● **What the task requires**: The exact lines of the listing, from its first through the line that contains "解鎖玩具 積木玩具 拼裝孔明", are to make up the answer, and pictures are to be left out.

● **Dataset extract**:
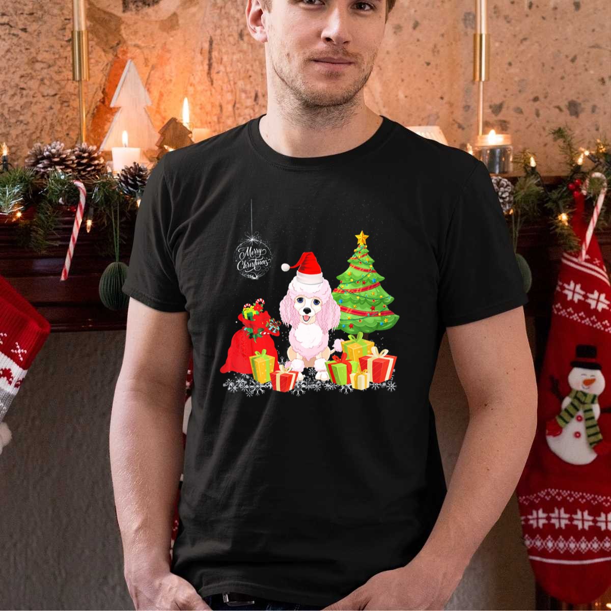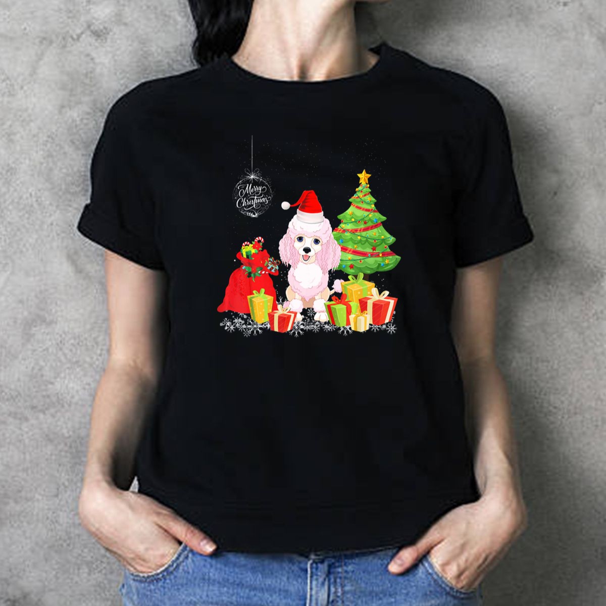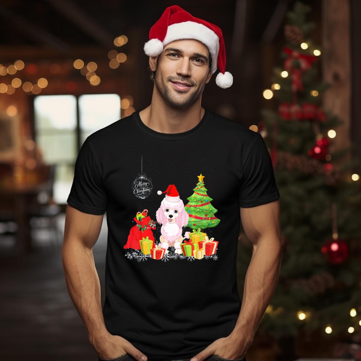 Celebrate the holiday season in style with our Merry Christmas Poodle With Festive Tree And Gifts T-Shirt! Perfect for dog lovers and festive spirits alike, this charming tee features an adorable poodle surrounded by a beautifully decorated Christmas tree and presents. Ideal for casual gatherings, themed events, or simply spreading holiday cheer during daily wear, this shirt is a delightful addition to your wardrobe that showcases your love for both pets and the festive season. Made in the USA with a fan-made design, it’s a unique piece that captures the joy of Christmas.
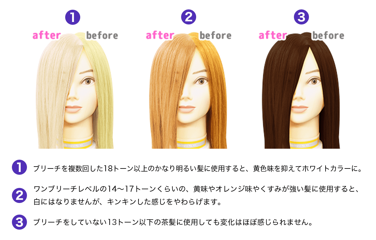 ※ 紫に染まるわけではなく、ブリーチの黄ばみとちょうど相殺するくらいの薄い色味です。
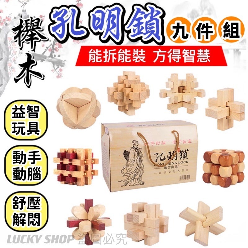 🍀台灣現貨🍀孔明鎖9件組 孔明鎖 魯班鎖 益智玩具 兒童益智孔明鎖 拼裝玩具 拆裝玩具 解鎖玩具 積木玩具 拼裝孔明
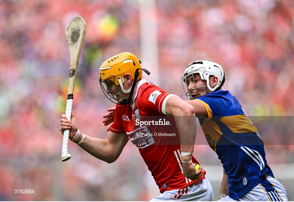 20 July 2025; Shane Barrett of Cork in action against Craig Morgan of Tipperary during the GAA Hurling All-Ireland Senior Championship final match between Cork and Tipperary at Croke Park in Dublin. Photo by Piaras Ó Mídheach/Sportsfile

● **Result**:
 Celebrate the holiday season in style with our Merry Christmas Poodle With Festive Tree And Gifts T-Shirt! Perfect for dog lovers and festive spirits alike, this charming tee features an adorable poodle surrounded by a beautifully decorated Christmas tree and presents. Ideal for casual gatherings, themed events, or simply spreading holiday cheer during daily wear, this shirt is a delightful addition to your wardrobe that showcases your love for both pets and the festive season. Made in the USA with a fan-made design, it’s a unique piece that captures the joy of Christmas.
 ※ 紫に染まるわけではなく、ブリーチの黄ばみとちょうど相殺するくらいの薄い色味です。
 🍀台灣現貨🍀孔明鎖9件組 孔明鎖 魯班鎖 益智玩具 兒童益智孔明鎖 拼裝玩具 拆裝玩具 解鎖玩具 積木玩具 拼裝孔明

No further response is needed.